Skip all pictures, then copy the lines from the start of the data through the line with "思考力を要する問題や随所に設", keeping both ends.

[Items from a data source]
====

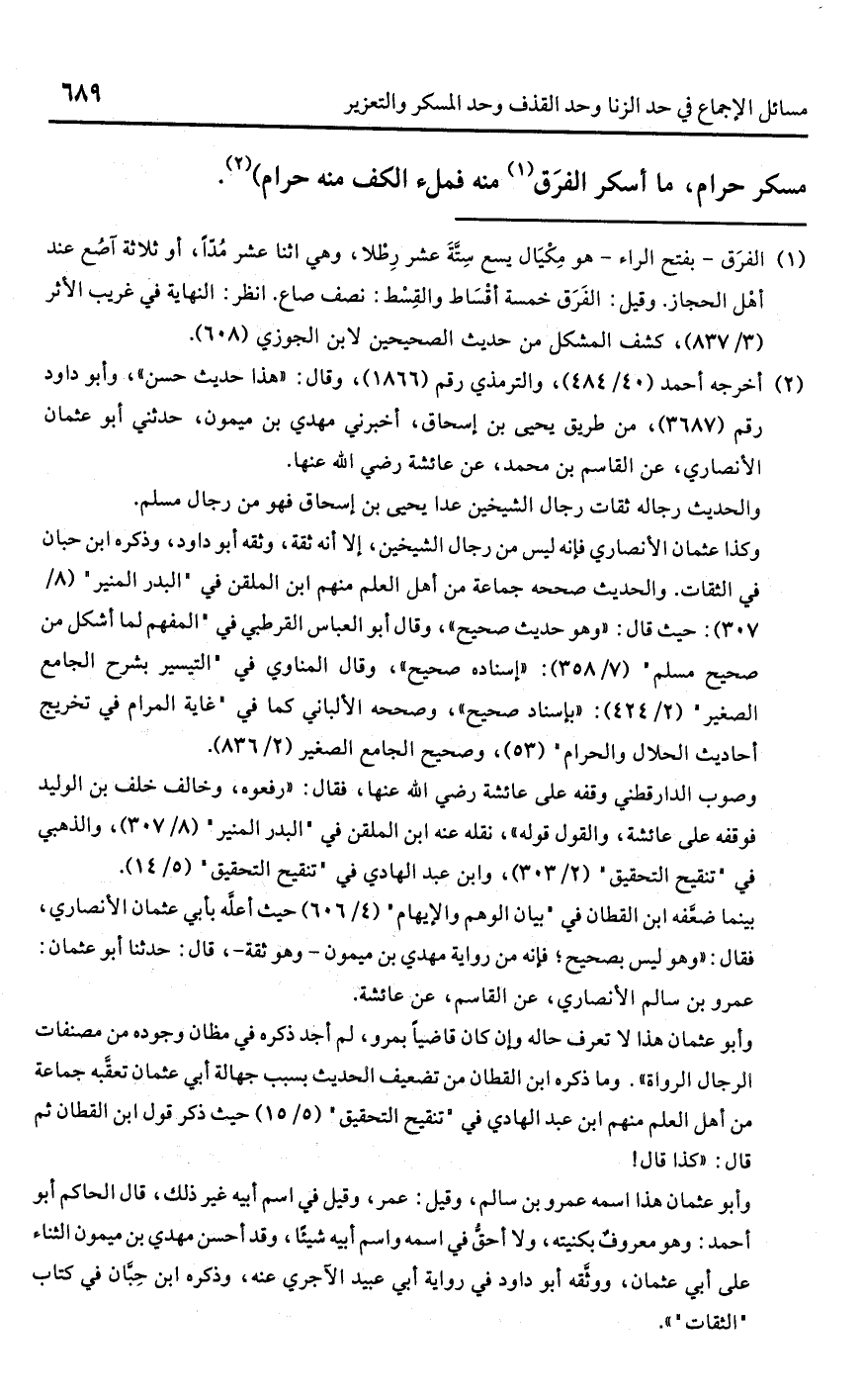 (¬2) أخرجه أحمد (40/ 484)، والترمذي رقم (1866)، وقال: "هذا حديث حسن"، وأبو داود رقم (3687)، من طريق يحيى بن إسحاق، أخبرني مهدي بن ميمون، حدثني أبو عثمان الأنصاري، عن القاسم بن محمد، عن عائشة رضي اللَّه عنها.
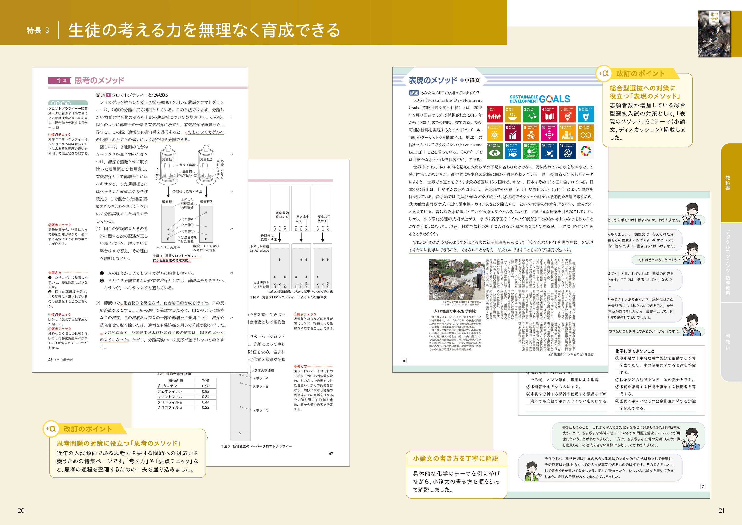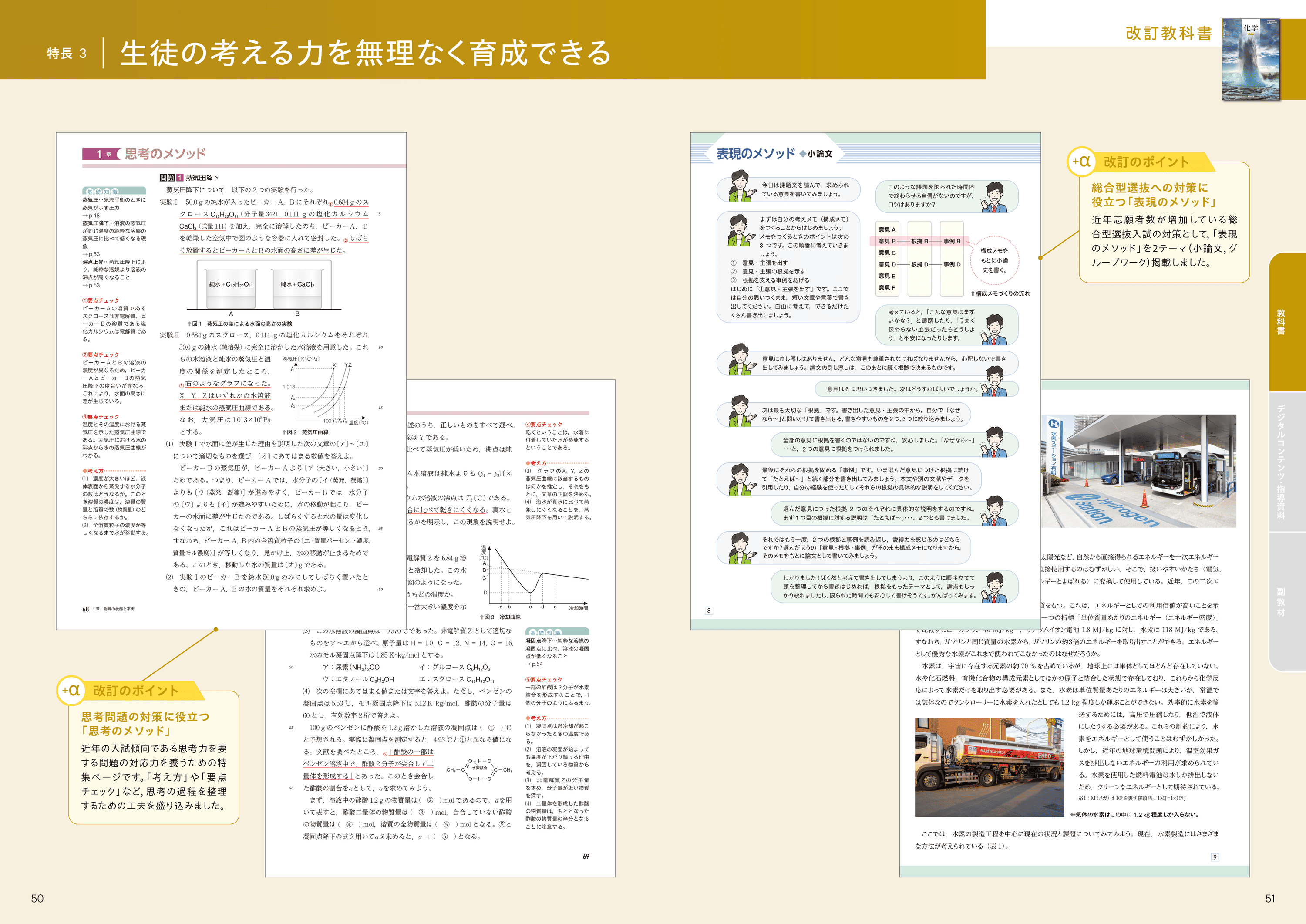 思考力を要する問題や随所に設けた問いかけで、生徒の考える力を養います。生徒の考える力を養う特集「思考のメソッド」「表現のメソッド」を新設しました。
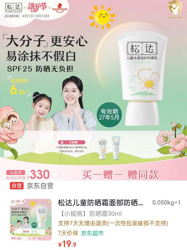 松达 儿童防晒霜
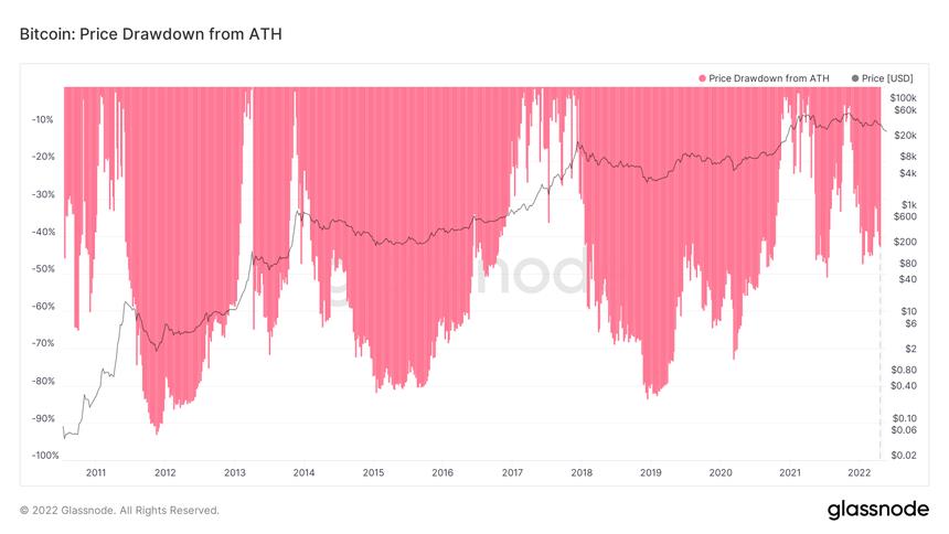 Giá BTC giảm so với mức cao nhất mọi thời đại. Ảnh: Glassnode. |
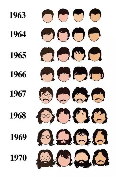 到 60 年代初期,披头士乐队和滚石乐队,在那时也是一副乖乖仔的形象。mop-top发型风靡一时,但是他们的风格也随着时间不断演变。
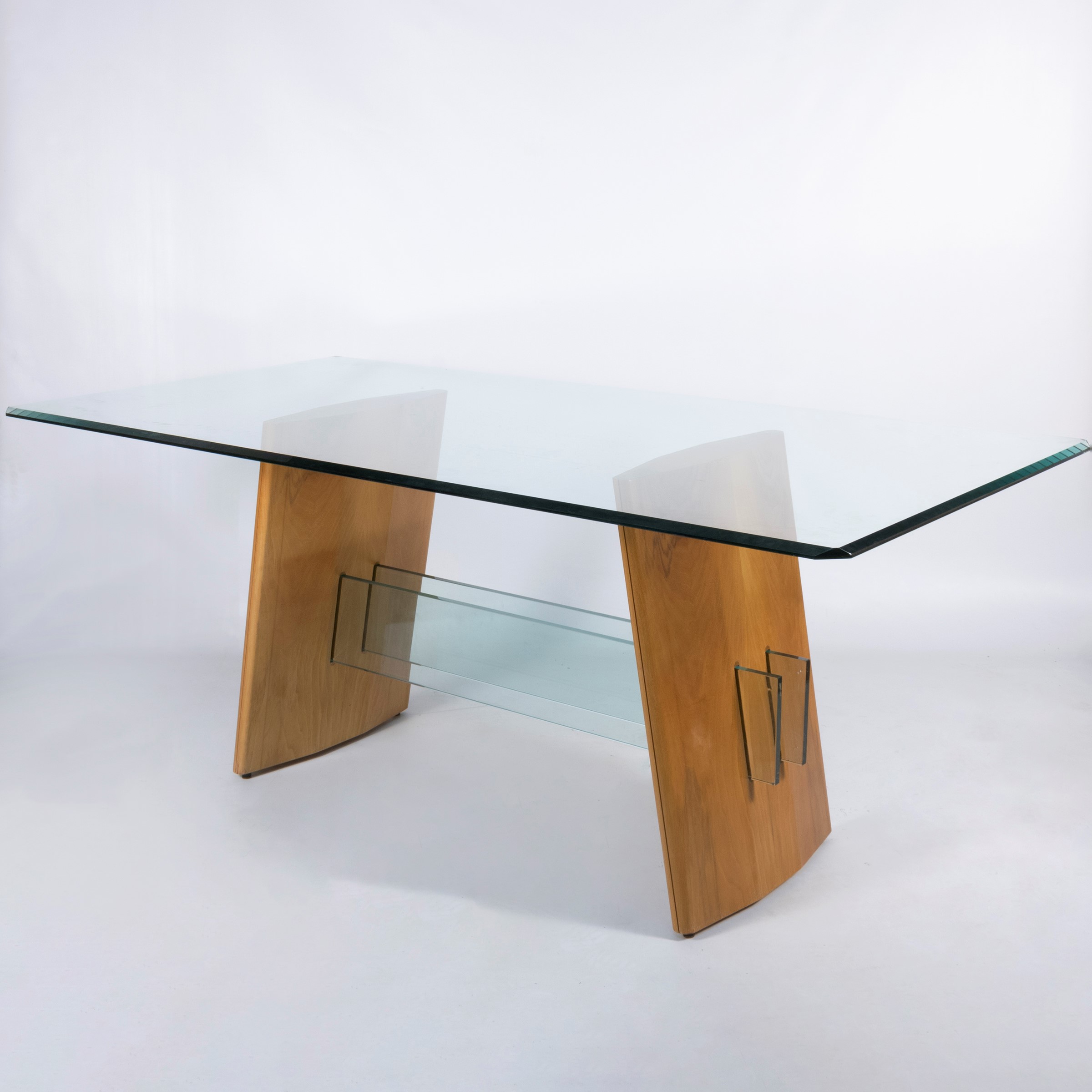 70x175x90 cm.dining table in wood and transparent glass, slight defects
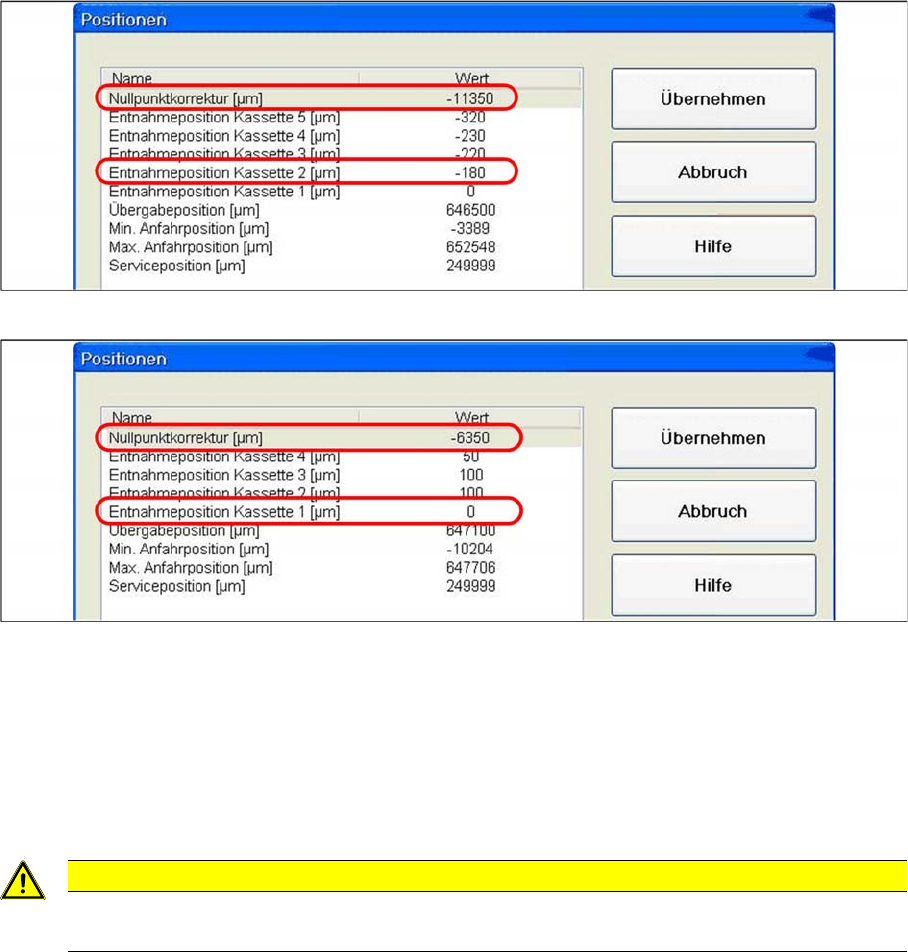 correction line of the machine data. In the Position of removal Position cassette 1 line,

====

Result for this task:
 (¬2) أخرجه أحمد (40/ 484)، والترمذي رقم (1866)، وقال: "هذا حديث حسن"، وأبو داود رقم (3687)، من طريق يحيى بن إسحاق، أخبرني مهدي بن ميمون، حدثني أبو عثمان الأنصاري، عن القاسم بن محمد، عن عائشة رضي اللَّه عنها.
 思考力を要する問題や随所に設けた問いかけで、生徒の考える力を養います。生徒の考える力を養う特集「思考のメソッド」「表現のメソッド」を新設しました。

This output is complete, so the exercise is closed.